TASK PROMPT:
Reproduce the records below exactly, leaving out any pictures.

DATASET ENTRIES:
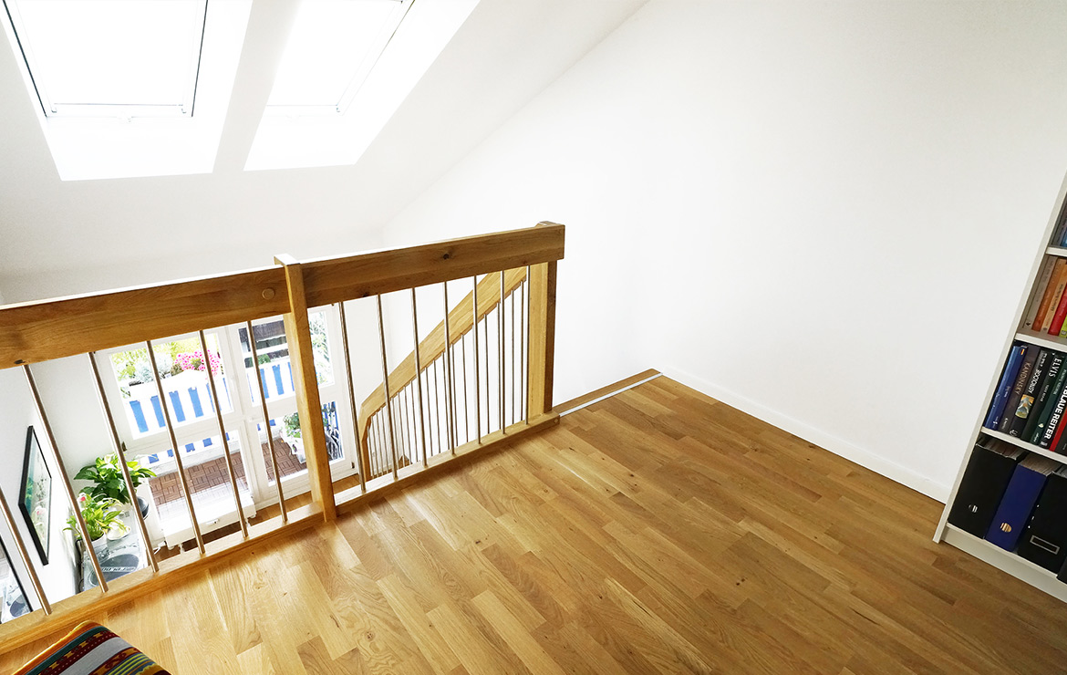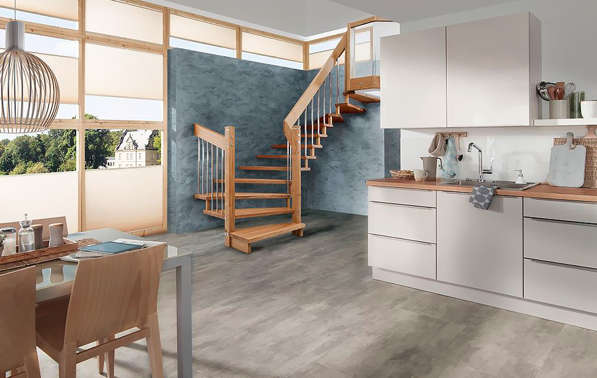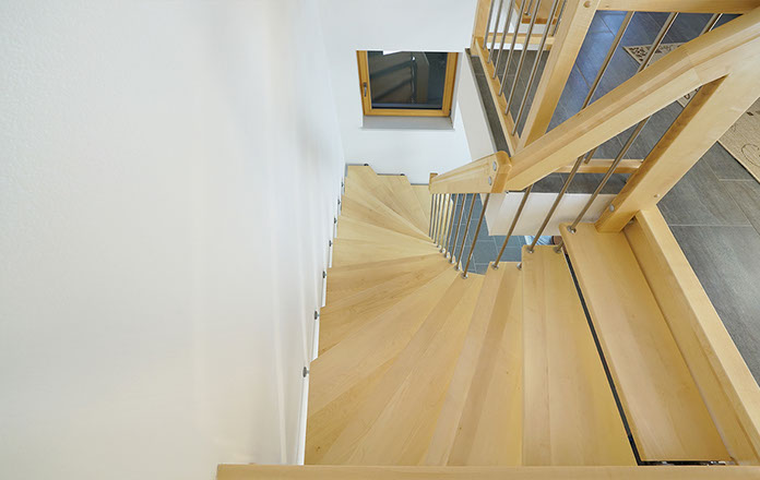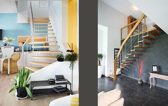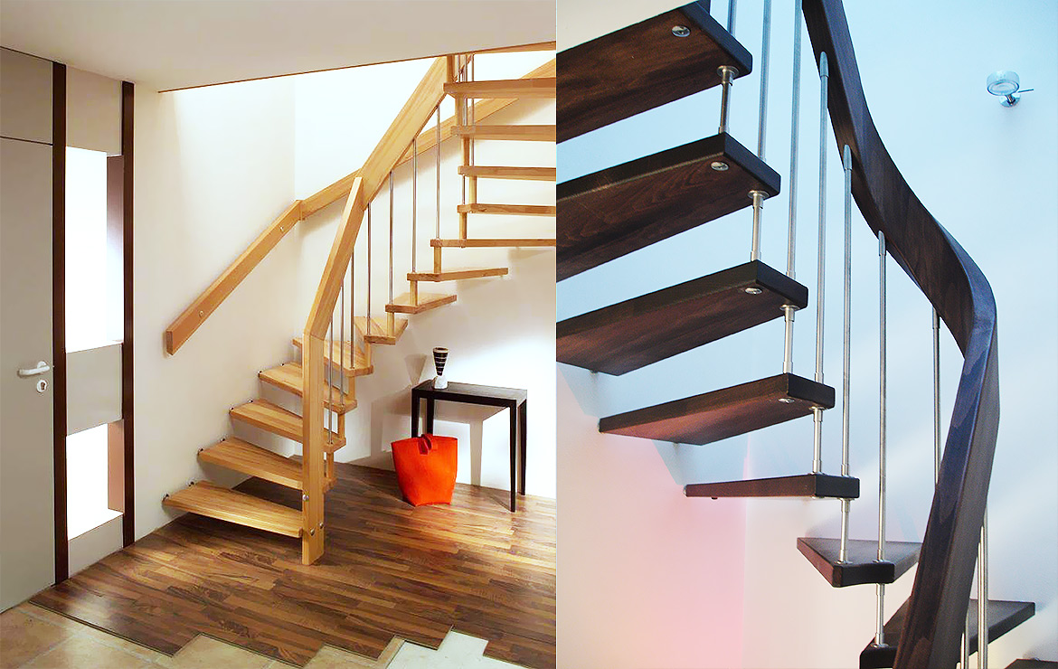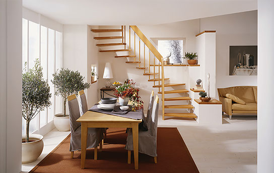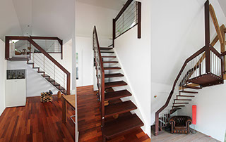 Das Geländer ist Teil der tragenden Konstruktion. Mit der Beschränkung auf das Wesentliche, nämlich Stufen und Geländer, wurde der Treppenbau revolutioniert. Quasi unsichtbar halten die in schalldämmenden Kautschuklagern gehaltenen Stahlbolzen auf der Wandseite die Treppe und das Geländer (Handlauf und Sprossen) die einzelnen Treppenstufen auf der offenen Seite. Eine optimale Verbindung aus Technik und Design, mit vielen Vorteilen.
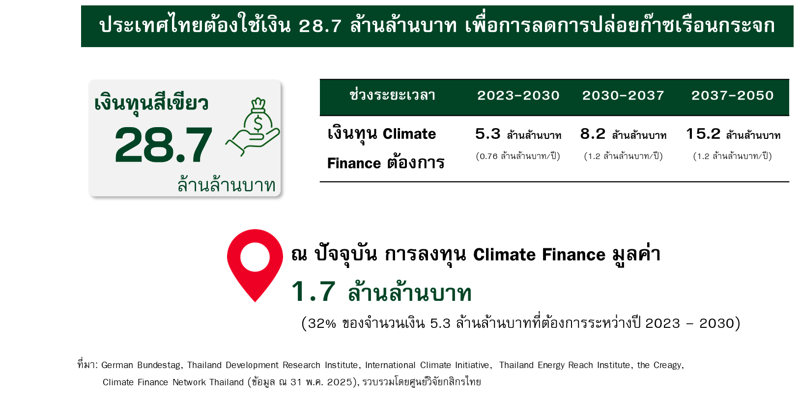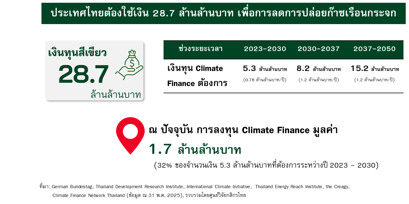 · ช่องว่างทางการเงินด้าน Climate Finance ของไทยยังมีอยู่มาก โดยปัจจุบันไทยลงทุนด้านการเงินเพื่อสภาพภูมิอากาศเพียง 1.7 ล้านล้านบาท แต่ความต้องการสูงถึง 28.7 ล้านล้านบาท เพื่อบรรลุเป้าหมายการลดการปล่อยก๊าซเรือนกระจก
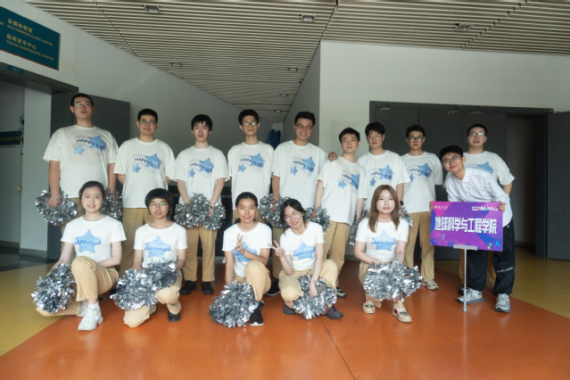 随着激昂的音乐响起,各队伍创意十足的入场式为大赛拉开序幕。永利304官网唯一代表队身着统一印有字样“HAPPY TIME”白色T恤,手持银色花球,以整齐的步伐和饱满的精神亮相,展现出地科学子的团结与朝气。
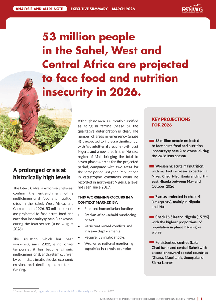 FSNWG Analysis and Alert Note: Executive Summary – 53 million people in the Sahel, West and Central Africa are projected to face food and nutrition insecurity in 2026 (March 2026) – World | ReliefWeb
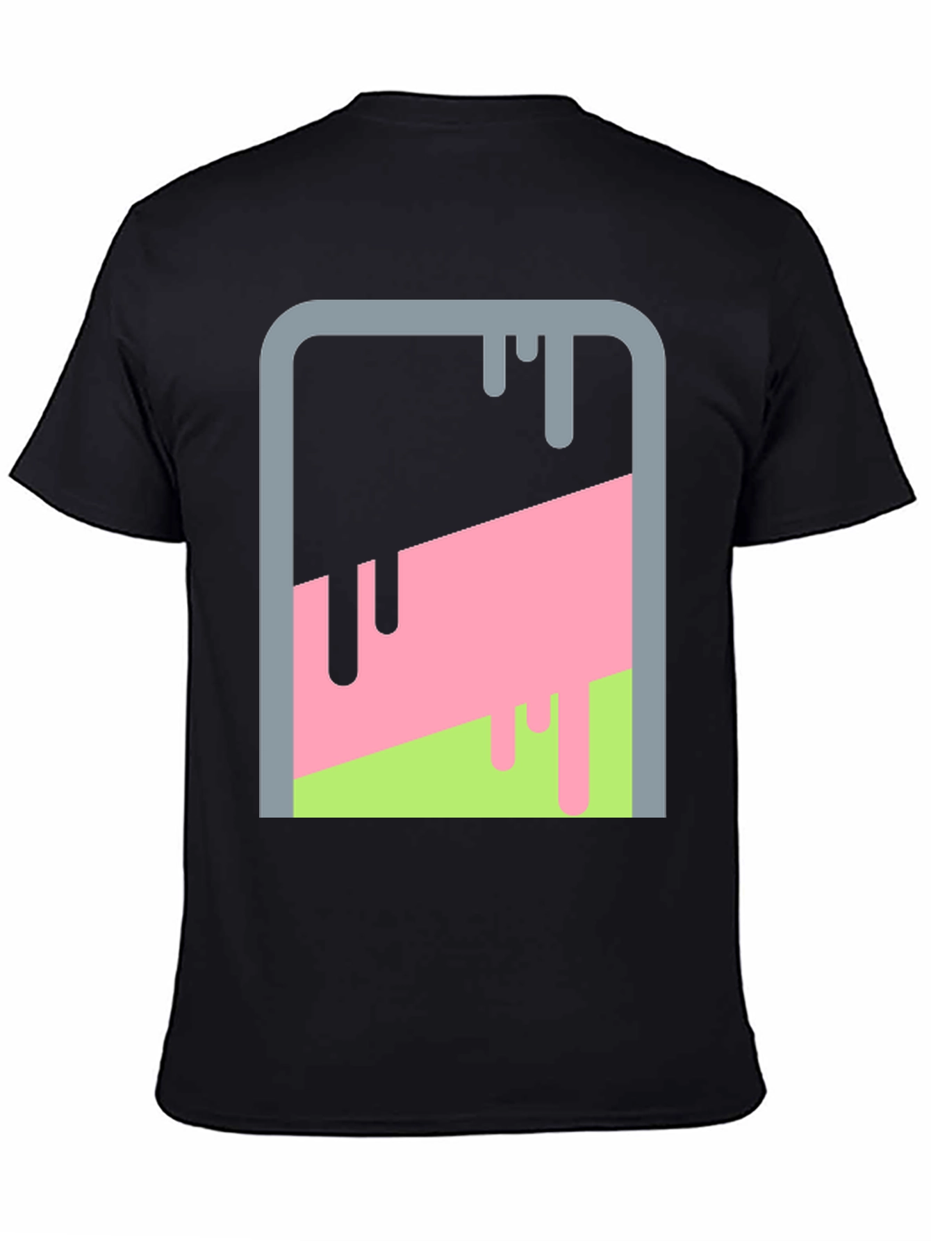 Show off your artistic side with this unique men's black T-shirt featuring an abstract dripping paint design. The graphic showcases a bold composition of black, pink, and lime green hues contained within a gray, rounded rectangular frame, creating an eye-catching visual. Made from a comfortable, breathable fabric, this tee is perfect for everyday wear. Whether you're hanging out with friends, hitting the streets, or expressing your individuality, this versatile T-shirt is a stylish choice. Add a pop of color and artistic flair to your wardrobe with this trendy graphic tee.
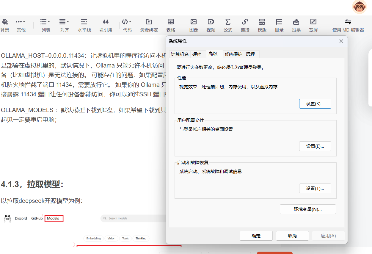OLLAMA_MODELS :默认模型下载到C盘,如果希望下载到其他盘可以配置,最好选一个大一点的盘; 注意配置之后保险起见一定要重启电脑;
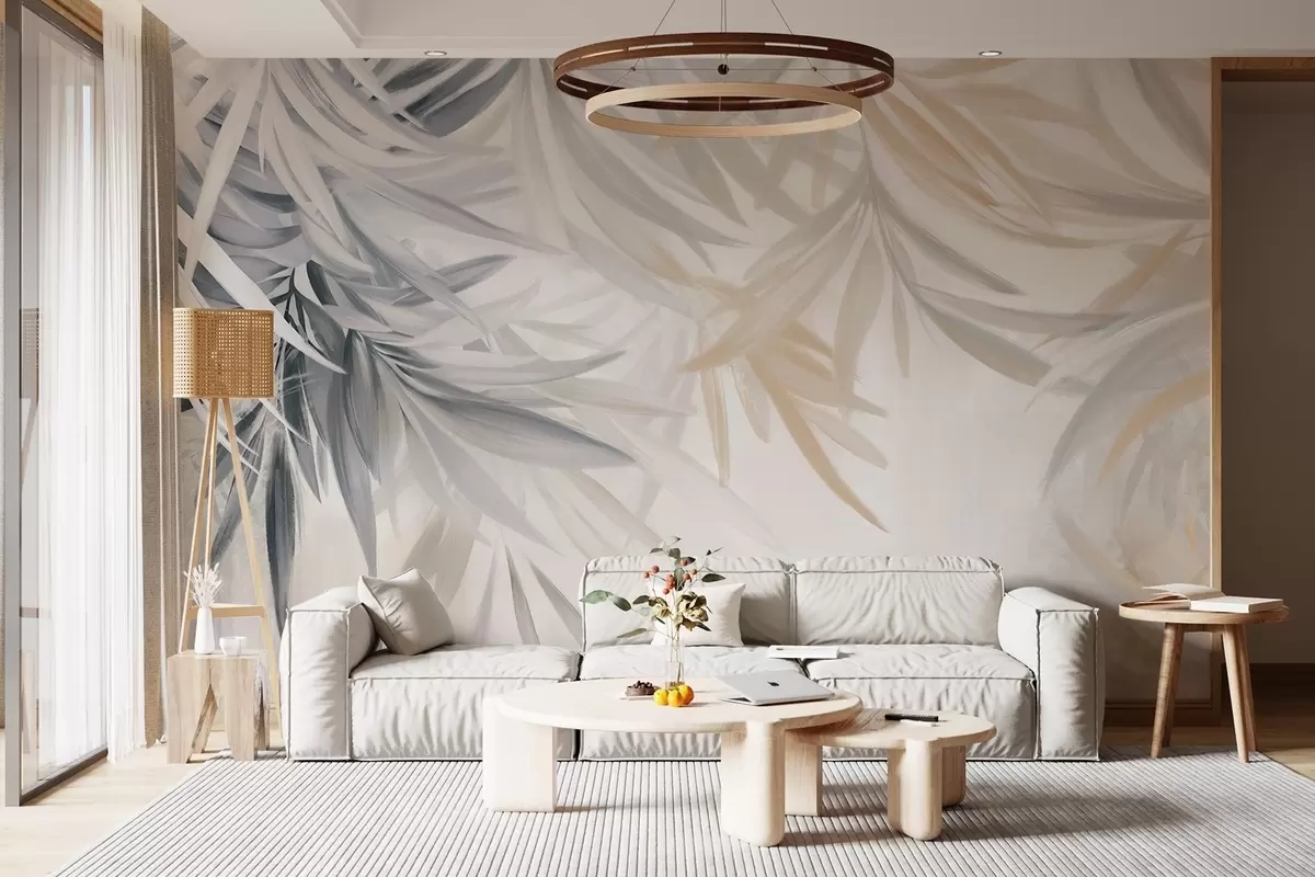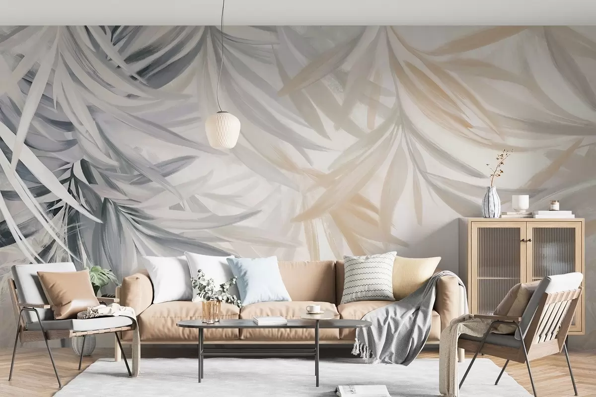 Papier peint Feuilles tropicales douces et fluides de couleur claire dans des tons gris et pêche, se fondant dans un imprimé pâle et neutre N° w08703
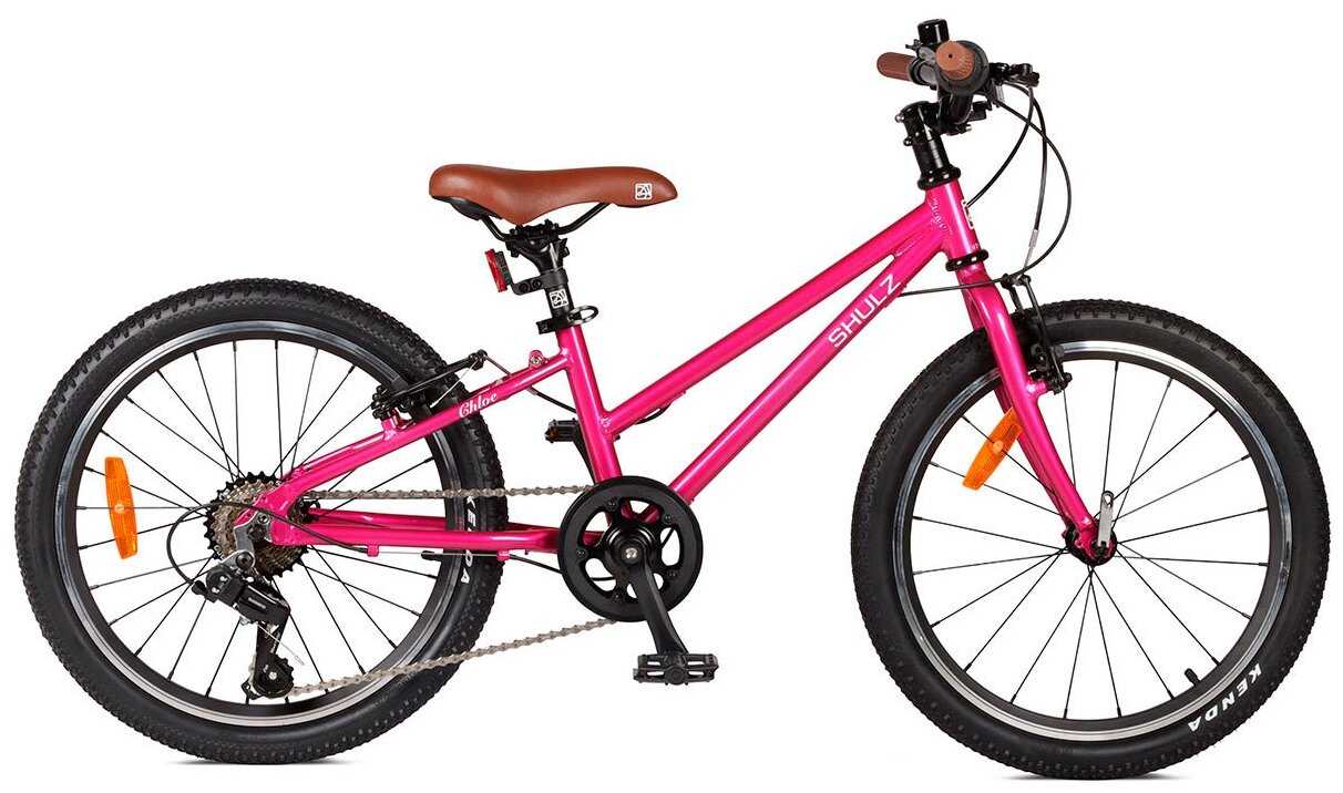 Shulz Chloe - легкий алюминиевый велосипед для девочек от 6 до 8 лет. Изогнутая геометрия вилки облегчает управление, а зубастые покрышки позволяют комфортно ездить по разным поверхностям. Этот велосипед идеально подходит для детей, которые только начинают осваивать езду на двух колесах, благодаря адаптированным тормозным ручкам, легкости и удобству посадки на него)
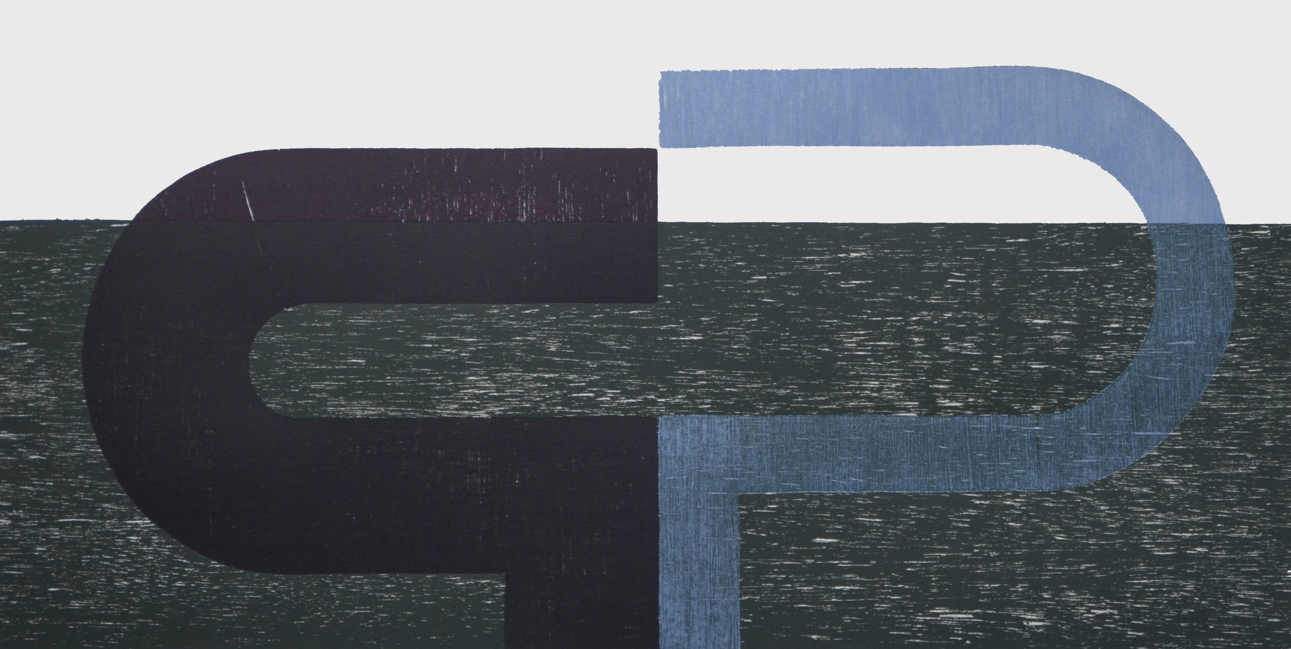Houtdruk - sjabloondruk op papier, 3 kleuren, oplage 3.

TASK ANSWER:
 Das Geländer ist Teil der tragenden Konstruktion. Mit der Beschränkung auf das Wesentliche, nämlich Stufen und Geländer, wurde der Treppenbau revolutioniert. Quasi unsichtbar halten die in schalldämmenden Kautschuklagern gehaltenen Stahlbolzen auf der Wandseite die Treppe und das Geländer (Handlauf und Sprossen) die einzelnen Treppenstufen auf der offenen Seite. Eine optimale Verbindung aus Technik und Design, mit vielen Vorteilen.
 · ช่องว่างทางการเงินด้าน Climate Finance ของไทยยังมีอยู่มาก โดยปัจจุบันไทยลงทุนด้านการเงินเพื่อสภาพภูมิอากาศเพียง 1.7 ล้านล้านบาท แต่ความต้องการสูงถึง 28.7 ล้านล้านบาท เพื่อบรรลุเป้าหมายการลดการปล่อยก๊าซเรือนกระจก
 随着激昂的音乐响起,各队伍创意十足的入场式为大赛拉开序幕。永利304官网唯一代表队身着统一印有字样“HAPPY TIME”白色T恤,手持银色花球,以整齐的步伐和饱满的精神亮相,展现出地科学子的团结与朝气。
 FSNWG Analysis and Alert Note: Executive Summary – 53 million people in the Sahel, West and Central Africa are projected to face food and nutrition insecurity in 2026 (March 2026) – World | ReliefWeb
 Show off your artistic side with this unique men's black T-shirt featuring an abstract dripping paint design. The graphic showcases a bold composition of black, pink, and lime green hues contained within a gray, rounded rectangular frame, creating an eye-catching visual. Made from a comfortable, breathable fabric, this tee is perfect for everyday wear. Whether you're hanging out with friends, hitting the streets, or expressing your individuality, this versatile T-shirt is a stylish choice. Add a pop of color and artistic flair to your wardrobe with this trendy graphic tee.
OLLAMA_MODELS :默认模型下载到C盘,如果希望下载到其他盘可以配置,最好选一个大一点的盘; 注意配置之后保险起见一定要重启电脑;
 Papier peint Feuilles tropicales douces et fluides de couleur claire dans des tons gris et pêche, se fondant dans un imprimé pâle et neutre N° w08703
 Shulz Chloe - легкий алюминиевый велосипед для девочек от 6 до 8 лет. Изогнутая геометрия вилки облегчает управление, а зубастые покрышки позволяют комфортно ездить по разным поверхностям. Этот велосипед идеально подходит для детей, которые только начинают осваивать езду на двух колесах, благодаря адаптированным тормозным ручкам, легкости и удобству посадки на него)
Houtdruk - sjabloondruk op papier, 3 kleuren, oplage 3.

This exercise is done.